In the past year, Riverbed has executed a major strategic expansion of its AI capabilities, introducing new predictive, agentic, and generative AI features to move IT operations from reactive troubleshooting to proactive performance assurance. The solution will look and feel different over the contract lifecycle, as Riverbed delivers an aggressive roadmap focused on rapid advancement and frequent releases. The vendor is flexible and responsive to market demands, prioritizing rapid development of new features to address gaps in functionality and leveraging M&A to advance solution capabilities.
Riverbed Technology is positioned as a Challenger and Outperformer in the Innovation/Platform Play quadrant of the AIOps Radar report.
Strengths
Riverbed scored well on a number of the decision criteria, including:
Data aggregation and normalization: Riverbed delivers exceptional data aggregation and normalization capabilities, anchored by its strategic commitment to collecting "full-fidelity" telemetry without sampling. This data is unified within the patented Riverbed Data Store, which breaks down silos between network, application, and user experience data from both Riverbed and third-party tools, providing the high-quality, comprehensive data foundation necessary for reliable AI.
Advanced analytics: Riverbed provides strong advanced analytics through its Predictive AI capability with its Correlation and Causation engine.
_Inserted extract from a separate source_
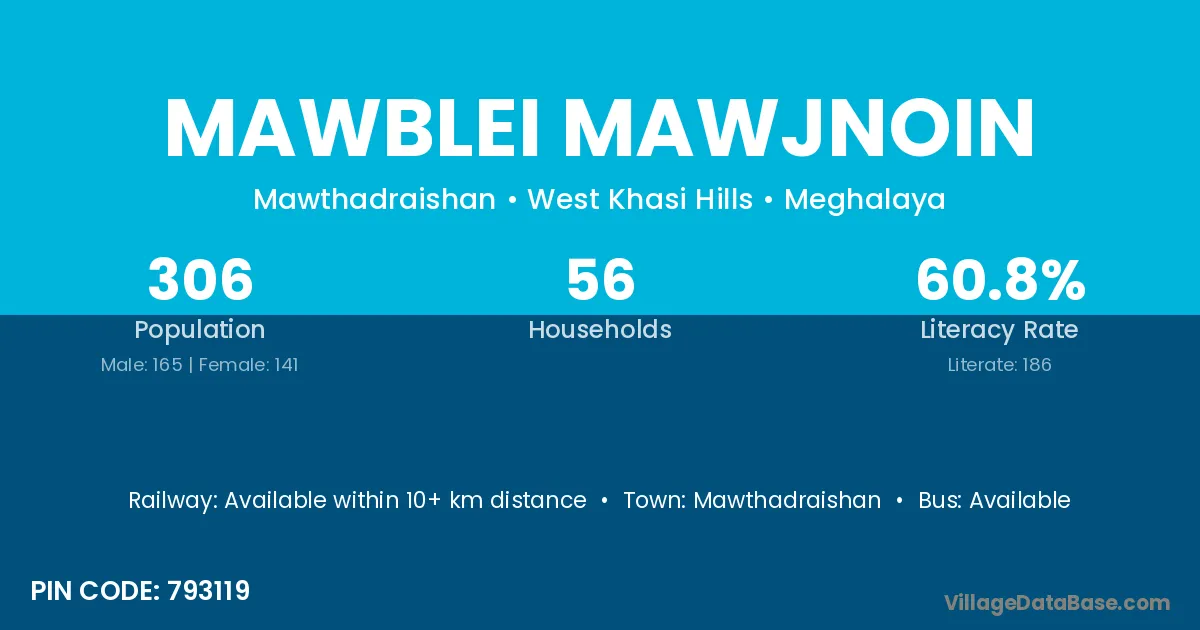 Mawblei Mawjnoin village has a total population of 306 people, of which 165 are males and 141 are females.

This engine analyzes historical and real-time data to identify patterns and forecast potential issues, such as resource constraints or performance degradation, before they impact users, enabling a proactive approach to incident management that exceeds capabilities of solutions focused only on historical analysis.
Generative AI: Riverbed offers a mature and well-integrated generative AI experience through Riverbed IQ Assist, which goes beyond basic chatbots to provide proactive, context-rich insights, graphical root cause summaries, and suggested remediation actions directly within operational workflows. Its use of a secure, private, domain-specific LLM and integration with ITSM tools like ServiceNow makes it a powerful tool for accelerating triage and empowering junior IT staff.
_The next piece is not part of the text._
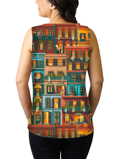Our FormFit Camisoles are cut shorter to the hip and have a side zipper to achieve a flattering taper in the waist. Available in Red Beans & Rice, Jumble YaYa, NOLA Camo, What-a-Melon, Stellar! Streetcar Famed Attire, Jazz Fest Rag, Vintage Vinyl, and Tricentennial Map.
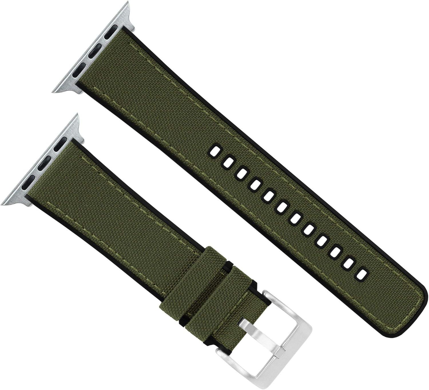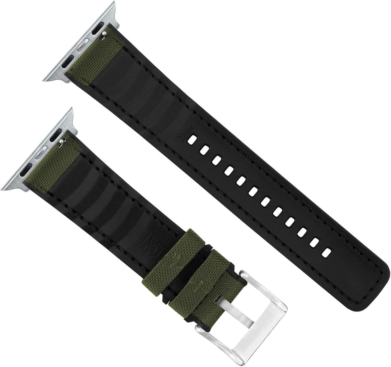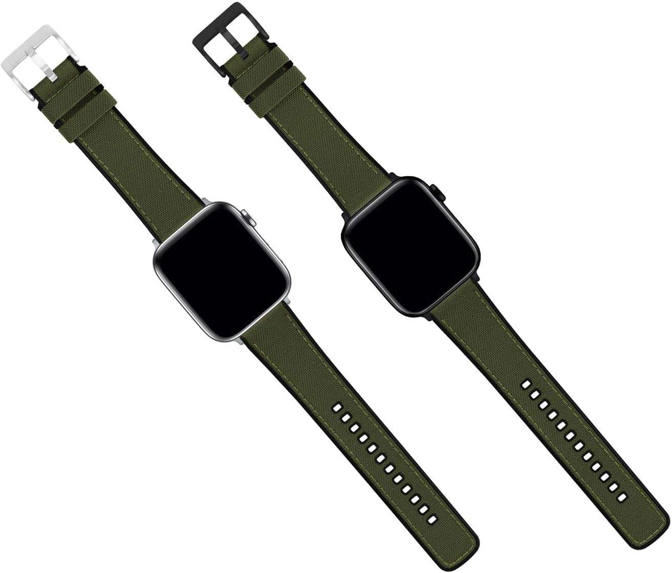 BARTON WATCH BANDS – Cordura Fabric & Silicone Hybrid Watch Bands Compatible with Apple Watch Models – 1, 2, 3, 4, 5, 6, 7, 8, 9, 10, SE, Ultra & Ultra 2(Army Green)

Riverbed was classified as an Outperformer due to its aggressive innovation cycle over the last year, demonstrated by a rapid cadence of releases that included a major expansion of its AI platform and the launch of next-generation AIOps capabilities. This sustained pace of development, combined with a strong public repositioning campaign, indicate the vendor is poised to significantly advance its market position in the coming year.
Opportunities
Riverbed Technology has room for improvement in a few decision criteria, including:
SIEM and SOAR integration: While the platform can integrate with security tools through its automation engine to provide network forensics data, security observability is not a primary focus and the integration is not emphasized. The solution lacks the deep, bidirectional integration and automated security response orchestration found in more security-centric AIOps platforms, limiting its utility in converged SecOps environments where automated threat response is critical.
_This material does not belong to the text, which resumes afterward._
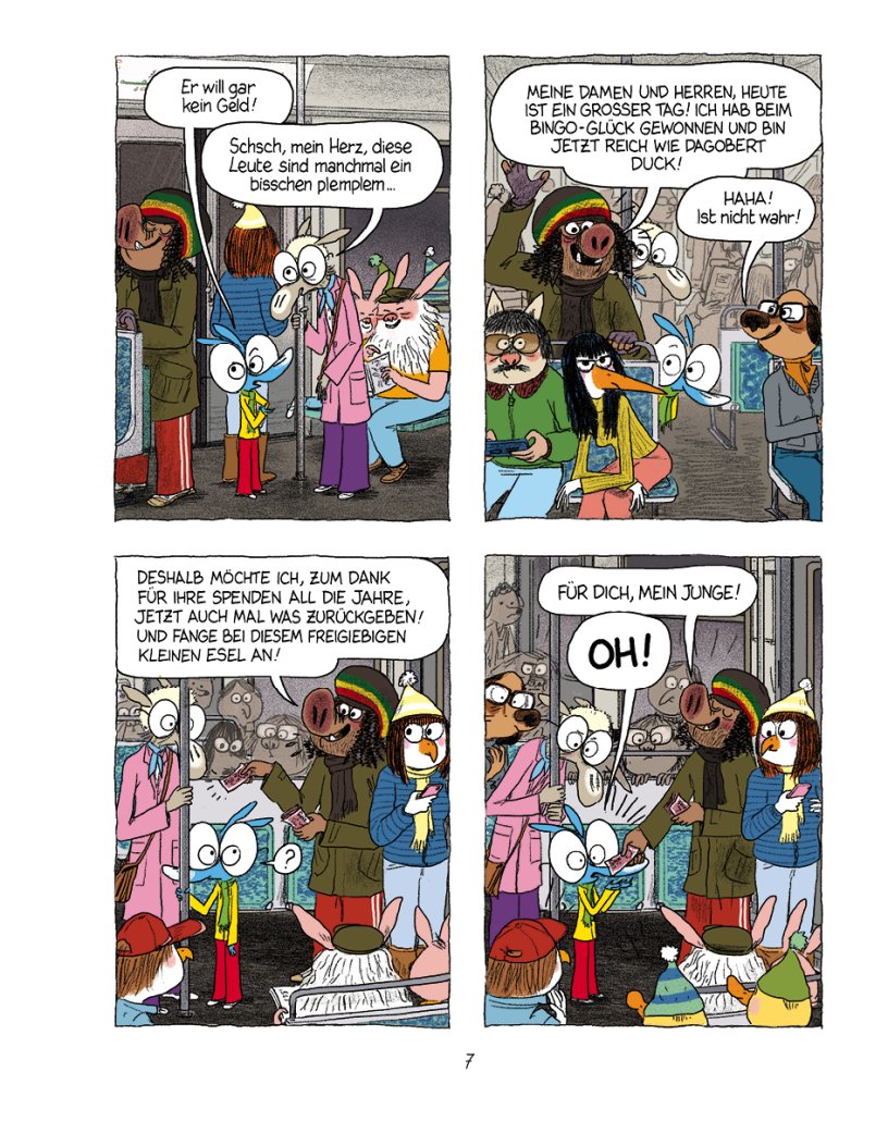 ‚Der ist ja… plemplem!‘ Ariol ist perplex: In der U-Bahn drückt ein Fremder ihm 500 Euro in die Hand. Einfach so! Der Obdachlose ist frischgebackener Lottomillionär und möchte den Leuten endlich auch mal ein bisschen Kleingeld spendieren. Fu¨r Ariols Oma steht es außer Frage, das Geld zu behalten. Aber wie soll Ariol den fröhlichen Clochard mit den Spendierhosen nur wiederfinden?

Anomaly detection: While the platform's AI/ML engine provides strong capabilities for creating dynamic baselines and detecting anomalies from its full-fidelity data, there is an opportunity to further enhance the user-facing controls and explainability of these models. Providing more granular tuning options and clearer explanations for why a deviation was flagged as anomalous would build greater trust and utility for operations teams.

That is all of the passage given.